Incredible journalism there that housing is affordable if your parents give you the money to buy it. Truly top notch lol.

In case anyone was wondering how it’s possible to make top 1% money for your age for 5+ years and still not be rich yet… it’s the 10-20k in dentistry you get from growing up poor, the student loans, and rent that explain it. The first 150-200k in earnings you generate above your cost of living is basically automatically gone when you factor in helping out family, medical costs, various kinds of debt your poor past self racked up in the form of medical costs and consumer debt, and all of this has to happen before you can even start saving for a home.

Meanwhile these rich kids have none of those costs, buy a house at 22, and then tell a reporter how not impossible that is.
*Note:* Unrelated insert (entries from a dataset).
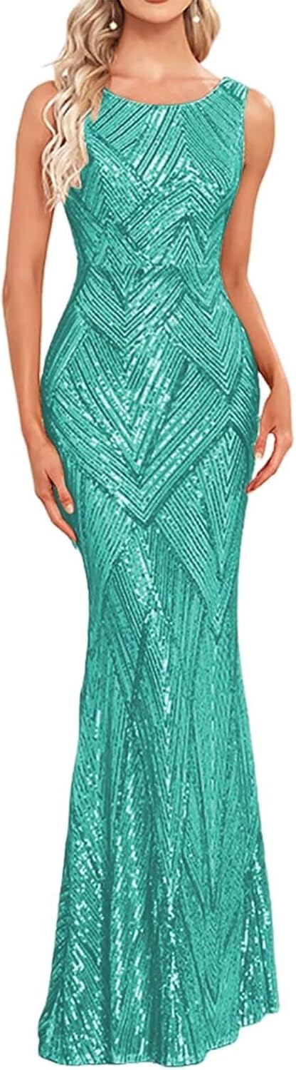 Sparkly Sequin Long Formal Evening Dresses for Women Mermaid Bodycon Boat Neck Prom Party Cocktail Dress
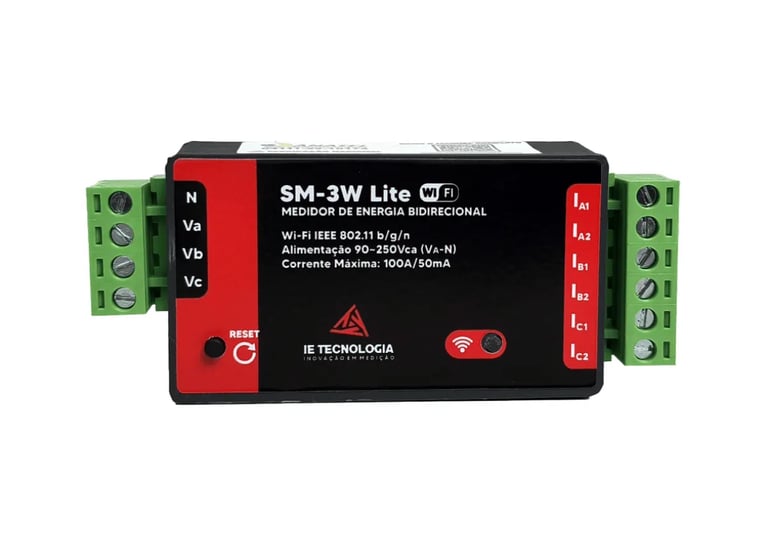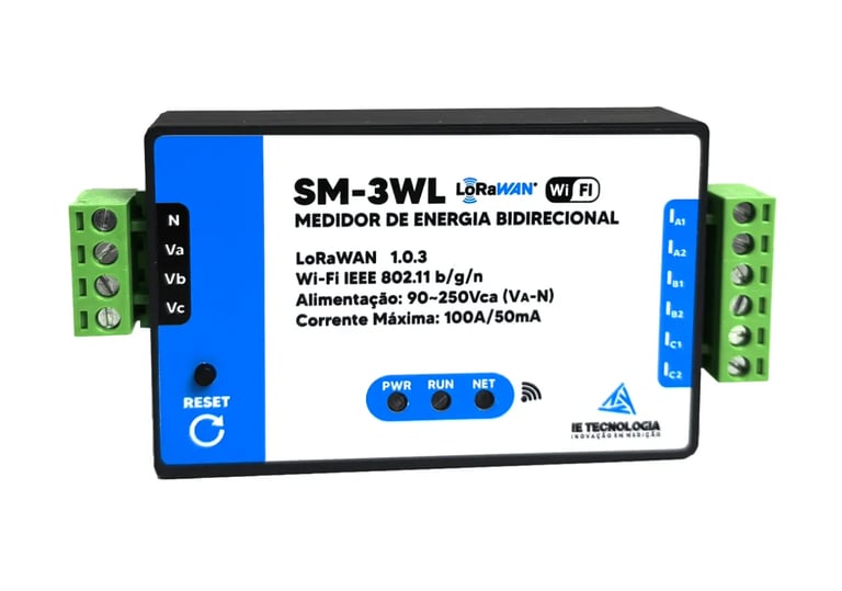 O SM-3WL mede consumo e geração de energia trifásica e transmite os dados via Wi-Fi e LoRaWAN, permitindo comunicação local ou por rádio.
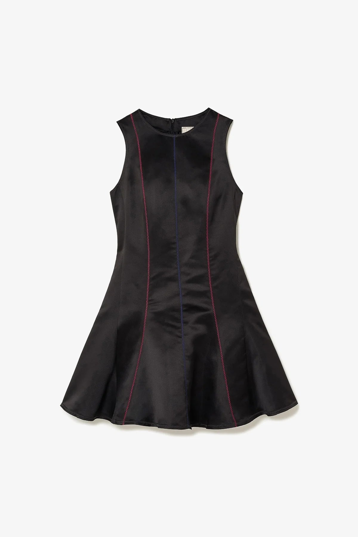 Vestido curto em cetim preto, com modelagem sem mangas e caimento fluido que acompanha o movimento do corpo. As costuras aparentes em tom contrastante criam linhas verticais que alongam a silhueta, trazendo um visual limpo e atual.

OK sure. The only reason I got out of poverty was by being outlier good at sales and operations at the same fucking time. Totally viable and easy everyone can do it right?

You wanna know what’s really infuriating though? How easy life is now. The hardest level in the game capitalism is the poverty level. I’m sorry but if your parents bought you out of even having to play that level where do you get off giving anyone advice besides be luckier next time you get born?
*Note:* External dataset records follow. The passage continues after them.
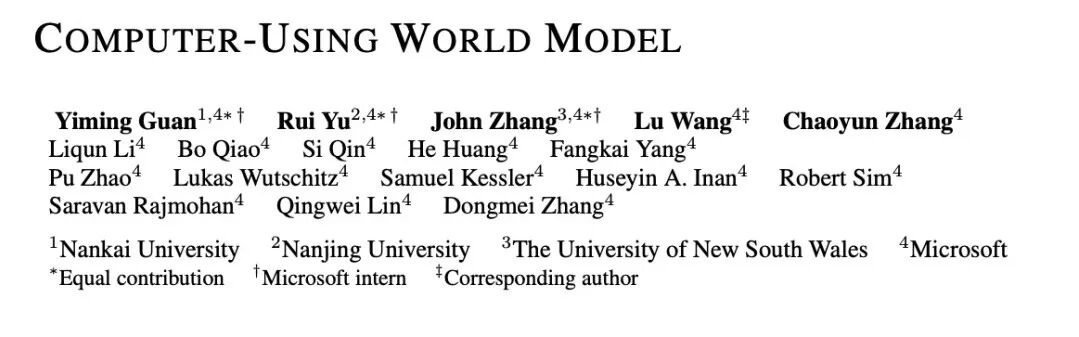 CUWM 的作者是微软实习生以及微软 UFO 团队的成员,包括 Yiming Guan、Rui Yu、John Zhang、Lu Wang、Chaoyun Zhang、Liqun Li、Bo Qiao、Si Qin、He Huang、Fangkai Yang、Pu Zhao 等。
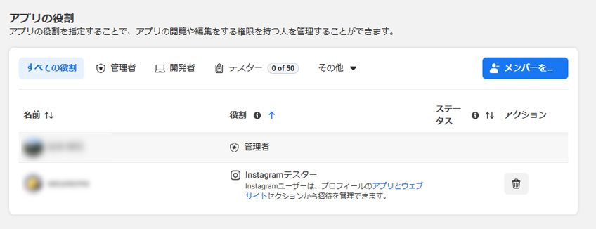 左側のメニューの[アプリの役割] → [役割]を選択し、アプリの役割画面に表示される[メンバーを追加]ボタンをクリックし、下記の手順でInstagramテスターを追加します。
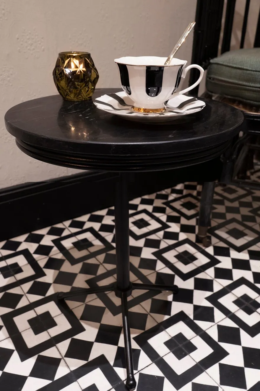 Mesa redonda negra de mármol y hierro, perfecta para complementar la decoración de tu salón o de cualquier espacio de tu casa, o incluso podría usarse como mesilla de noche.
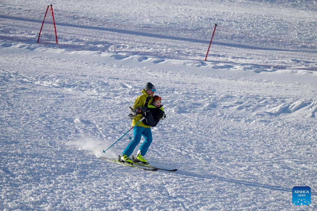 A man holding a child skis at the Popova Sapka Ski Center, some 60 kilometers west of Skopje, North Macedonia, Dec. 22, 2024. (Photo by Tomislav Georgiev/Xinhua)
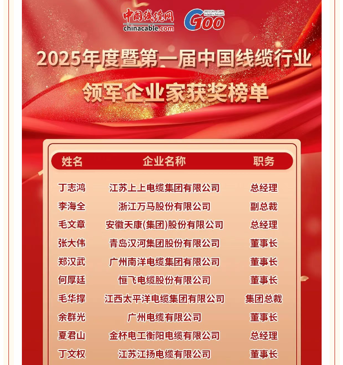 下一篇:公司生产副总刘炜荣获中国线缆行业第二届暨 2025年度“杰出青年”称号
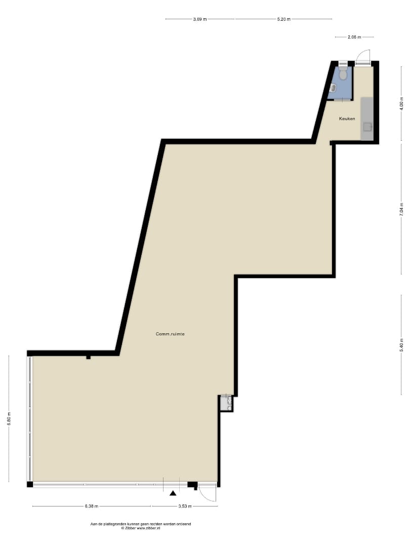 De winkel/kantoorruimte maakt onderdeel uit van een klein appartementencomplex bestaande uit twee appartementen, te weten de te verkopen winkel alsmede een bovenwoning met een eigen nummer.
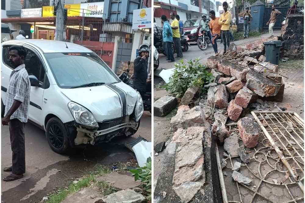 ಮಂಗಳೂರು: ಕುಡಿದ ಮತ್ತಿನಲ್ಲಿ ವೇಗವಾಗಿ ಹಾಗು ಅಜಾರೂಕತೆಯಿಂದ ಕಾರು ಚಲಾಯಿಸಿ ನಿಯಂತ್ರಣ ಕಳೆದುಕೊಂಡ ಕಾರು ಅಪಾರ್ಟ್ಮೆಂಟ್ ಒಂದರ ಕಂಪೌಂಡ್ ಗೋಡೆಗೆ ಗುದ್ದಿ ಸಂಪೂರ್ಣ ಕಂಪೌಂಡ್ ಗೋಡೆ ಕುಸಿದು ಬಿದ್ದ ಘಟನೆ ಮಂಗಳೂರಿನ ಉರ್ವಾ ಸ್ಟೋರಿನಲ್ಲಿ ನಡೆದಿದೆ.
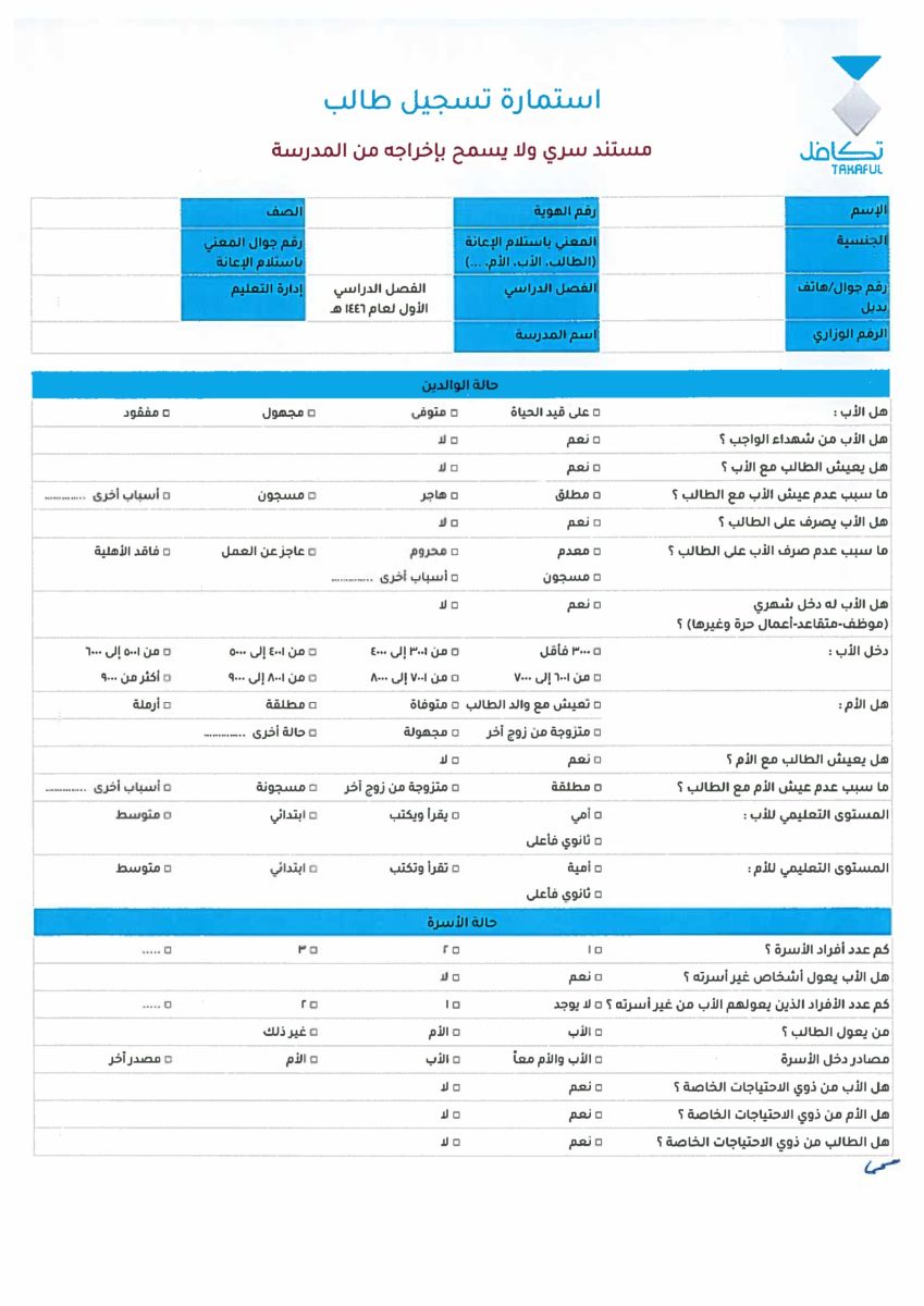 تعتبر هذه الاستمارة وثيقة سرية لا يسمح بأخذها خارج المدرسة، للحصول على استمارة تسجيل طالب في تكافل 1446، يمكن الرجوع إلى الروابط التالية:

Elon Musk does something stupider than I have ever done at least once a month in public these days. The notion that this system can be meritocratic when you gatekeep 75%+ of the population behind an almost unwinnable level is absolutely ridiculous. It took me the first 10 years of my career to get to the point where I could clear 50k a year consistently. I won’t be getting my youth and the energy I had back then back. They took the hardest working years of my life and all I got in return was the skills I picked up during that time period and a small mountain of debt.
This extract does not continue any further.